Part Three recapitulates and expands accounts of his spiritual teachers, Ajahn Chan, the Indian female guru Dipa Ma Barus, and the controversial Tibetan lama Chögyam Trungpa. For Mr. Chan, his student celebrates his humor, his honesty, and his unflinching conviction to instill humility in those he led. For Ms. Barus, her love and affection endure. For Mr. Trungpa, his quirky, unpredictable ways of battling "spiritual materialism" among Westerners seduced by fads and charlatans as well as his innate mysteriousness impel Dr. Kornfield to admire his legacy.

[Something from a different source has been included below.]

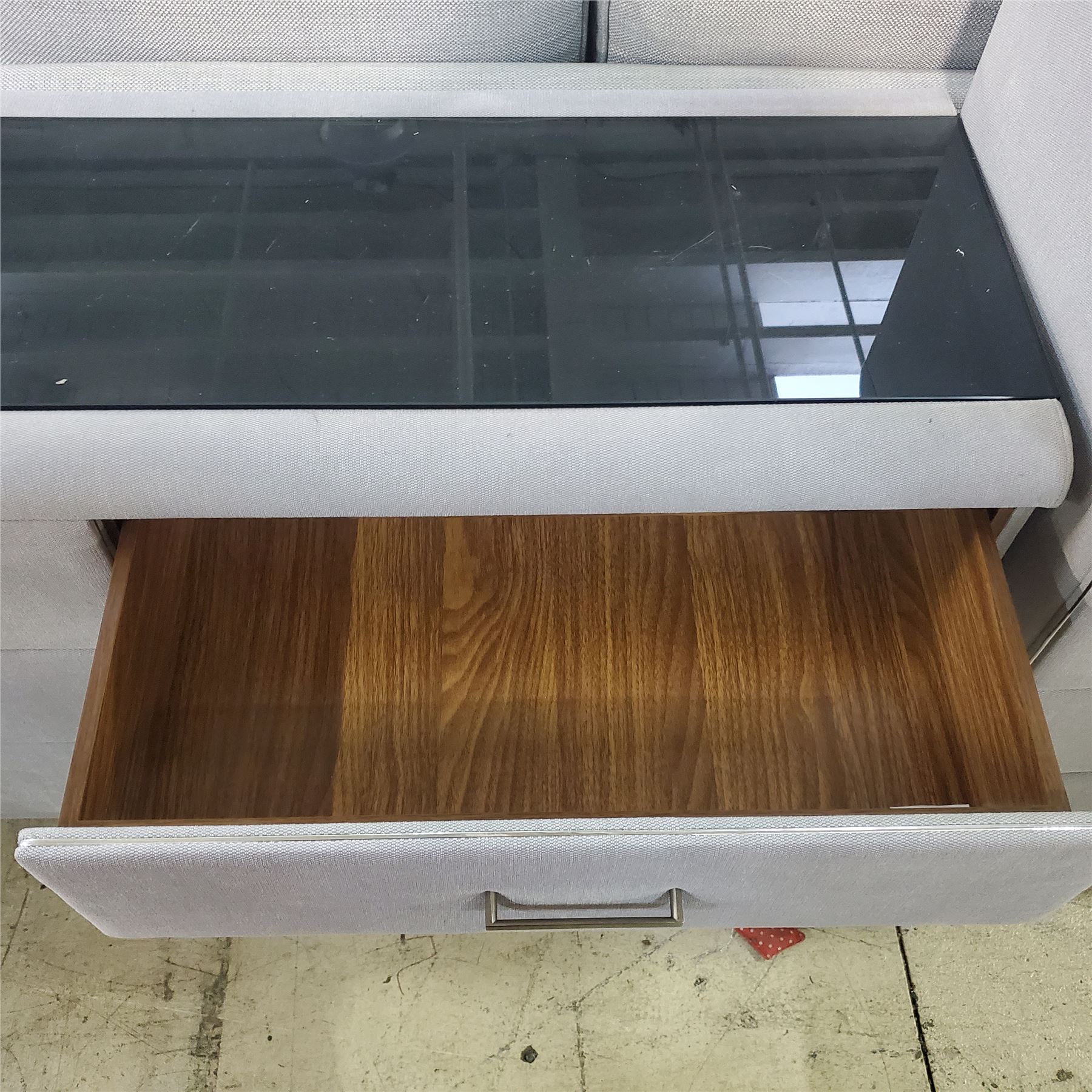 Light Grey Textured Fabric 6-Drawer Dresser with Glass Top, Approx. 30.5" x 56" x 17.5"

The last section of essays confronts the impact of such teachers as Mr. Trungpa upon the Western followers creating their own eclectic, but informed, dharma style. As the historical Buddha warned that the dharma itself was but a raft, to be abandoned and not clung to once one reached the farther shore, so Dr. Kornfield uses this parable to stress the necessity of liberation. He considers sexuality, drugs, the roles of meditation teachers, and personal pain as obstacles or portals to freedom. He tells of his efforts, with Joseph Goldstein and Sharon Salzberg, to found (while all three were in their twenties) the Insight Meditation Society in Vermont. This was later joined by Spirit Rock in Marin County, California; these now stand as two leading centers for Vipassana meditation in the United States.

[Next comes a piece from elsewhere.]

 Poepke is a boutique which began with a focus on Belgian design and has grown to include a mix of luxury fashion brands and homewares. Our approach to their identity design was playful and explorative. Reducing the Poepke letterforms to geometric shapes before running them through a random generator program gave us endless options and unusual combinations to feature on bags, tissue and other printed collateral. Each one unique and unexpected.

He addresses an audience impatient with platitudes, who understands that the Buddhist path offers no shortcuts. This book, for those already informed about dharma and knowledgeable about its practice, should illuminate at the hands of a master guide some of the pitfalls along the slow way out of one's dark corners. Such readers represent at such centers a new flock of seekers: contemporary, likely lay and maybe urban, who come to Buddhism but do not perpetuate territorial, sectarian, or denominational strife that has divided Eastern adherents and some Western disciples.
Instead, democratic decision-making, feminism, the pursuit of wisdom, and a shared practice that frees itself to take what is best from each tradition becomes Dr. Kornfield's model for Western practice. Three essentials endure: kindness of heart, inner stillness, and the promotion of one's liberating potential to assist all who long to break free of pain and suffering. As a clinical psychologist, he advises the connection of freedom found by therapeutic methods with those of meditation, dharma study, and the practice of actions aimed at compassion and joy.

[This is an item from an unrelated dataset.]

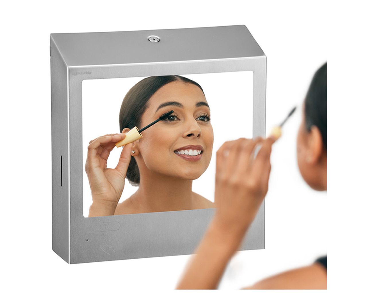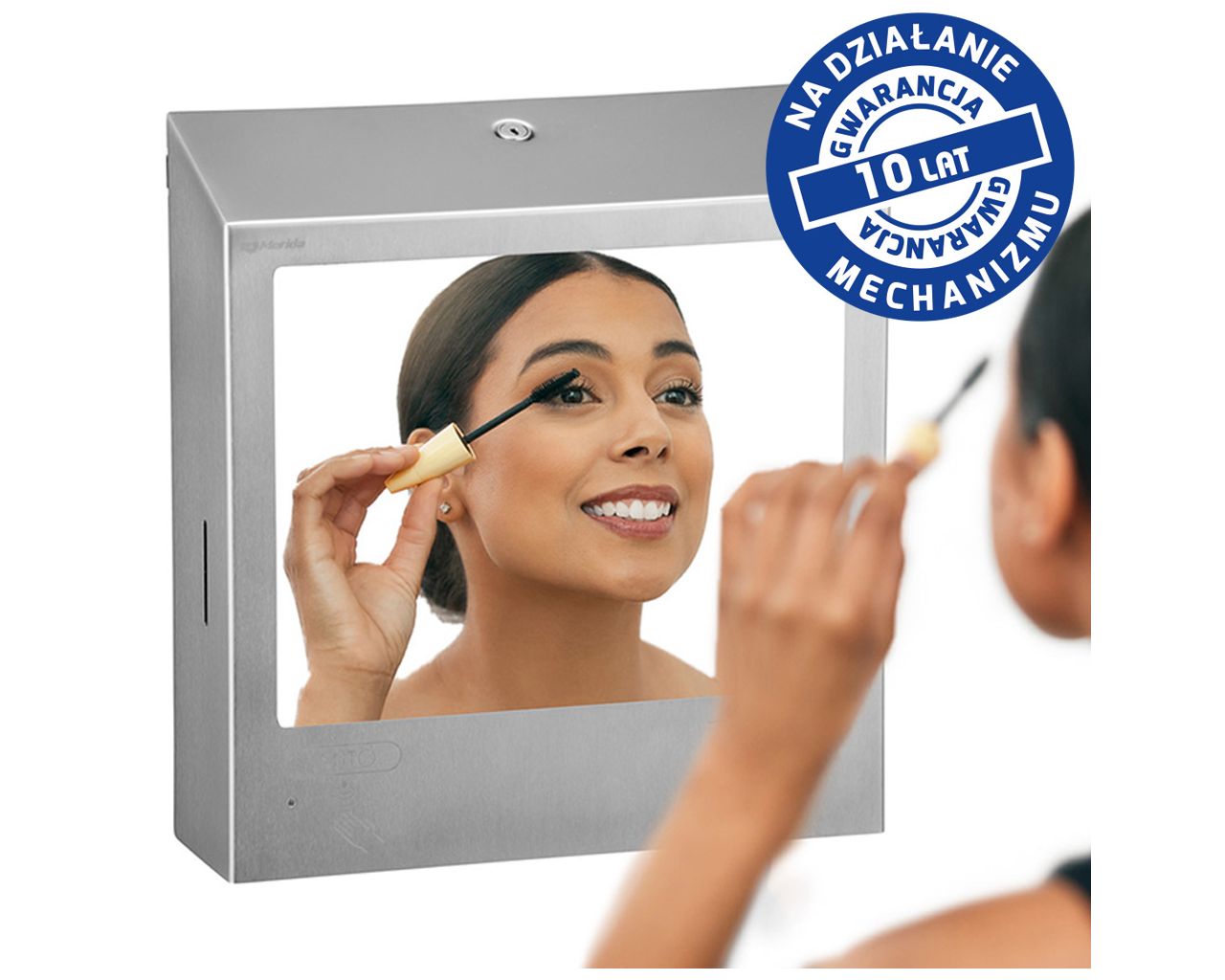 Pojemnik na ręczniki składane z bezdotykowym automatycznym dozownikiem mydła w pianie i z lustrem ze stali SuperMirror „3 w 1″ MERIDA STELLA SLIM COMBOstal matowa

Rather than the fearless warrior model often promoted by Asian societies for the practitioner, Dr. Kornfield suggests that of the Buddhist learning to let go of self-hatred and self-judgment as a more healing treatment for what ails one's psyche and hinders one's mind and body. Fearlessness can remain, but the shift from stoic warrior to gentler seeker, he reflects, seems likely to do more good.
His book concludes with three short meditation practices. As well as the forgiveness and lovingkindness ("metta") exercises, the simple one (at least on the surface, as it is perhaps the most profound) one of taking on the dignity and simplicity of "taking the one seat of the Buddha" as the core practice for any meditator says it all, without saying it all. In four paragraphs, Dr. Kornfield manages to hint at vast insights and wisdom that escapes verbal summary. His eloquence and accuracy, here as throughout his collected articles and essays, demonstrate his own mastery of many of the everyday and ethereal insights he sums up skillfully and elegantly.